◆ **DATA IN THIS EXERCISE**
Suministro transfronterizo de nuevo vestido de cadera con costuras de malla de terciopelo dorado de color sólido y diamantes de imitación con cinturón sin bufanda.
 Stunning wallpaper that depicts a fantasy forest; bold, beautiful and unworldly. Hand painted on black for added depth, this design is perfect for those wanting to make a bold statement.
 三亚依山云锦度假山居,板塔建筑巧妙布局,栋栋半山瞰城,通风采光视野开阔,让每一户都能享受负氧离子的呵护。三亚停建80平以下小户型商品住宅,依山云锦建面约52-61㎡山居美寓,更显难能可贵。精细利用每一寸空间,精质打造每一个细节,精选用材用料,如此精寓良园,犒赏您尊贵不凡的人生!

---

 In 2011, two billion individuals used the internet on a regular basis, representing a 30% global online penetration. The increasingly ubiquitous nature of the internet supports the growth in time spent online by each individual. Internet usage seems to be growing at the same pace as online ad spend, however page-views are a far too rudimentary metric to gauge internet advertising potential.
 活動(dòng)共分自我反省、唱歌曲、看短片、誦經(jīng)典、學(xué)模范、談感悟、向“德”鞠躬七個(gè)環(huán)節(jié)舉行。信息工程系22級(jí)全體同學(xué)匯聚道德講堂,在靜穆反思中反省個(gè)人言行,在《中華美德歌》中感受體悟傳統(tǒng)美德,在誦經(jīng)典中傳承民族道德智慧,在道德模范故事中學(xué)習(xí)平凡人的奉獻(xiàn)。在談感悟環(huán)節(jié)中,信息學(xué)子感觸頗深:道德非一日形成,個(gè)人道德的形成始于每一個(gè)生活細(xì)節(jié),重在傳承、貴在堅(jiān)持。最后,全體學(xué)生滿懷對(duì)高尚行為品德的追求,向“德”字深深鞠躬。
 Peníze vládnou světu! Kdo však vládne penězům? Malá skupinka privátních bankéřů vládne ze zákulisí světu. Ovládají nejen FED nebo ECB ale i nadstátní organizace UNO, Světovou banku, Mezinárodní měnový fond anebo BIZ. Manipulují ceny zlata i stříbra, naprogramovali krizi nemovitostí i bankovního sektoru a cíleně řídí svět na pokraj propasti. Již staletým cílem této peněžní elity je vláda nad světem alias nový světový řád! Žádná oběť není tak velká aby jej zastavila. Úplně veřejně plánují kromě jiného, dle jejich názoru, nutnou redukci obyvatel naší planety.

◆ **WHAT IS BEING ASKED**
In the listing above, start at the line with "Suministro transfronterizo de", go on through the line with "三亚依山云锦度假山居,板塔建", and copy each of those lines exactly; leave out all the rest.

◆ **WRITTEN SOLUTION**
Suministro transfronterizo de nuevo vestido de cadera con costuras de malla de terciopelo dorado de color sólido y diamantes de imitación con cinturón sin bufanda.
 Stunning wallpaper that depicts a fantasy forest; bold, beautiful and unworldly. Hand painted on black for added depth, this design is perfect for those wanting to make a bold statement.
 三亚依山云锦度假山居,板塔建筑巧妙布局,栋栋半山瞰城,通风采光视野开阔,让每一户都能享受负氧离子的呵护。三亚停建80平以下小户型商品住宅,依山云锦建面约52-61㎡山居美寓,更显难能可贵。精细利用每一寸空间,精质打造每一个细节,精选用材用料,如此精寓良园,犒赏您尊贵不凡的人生!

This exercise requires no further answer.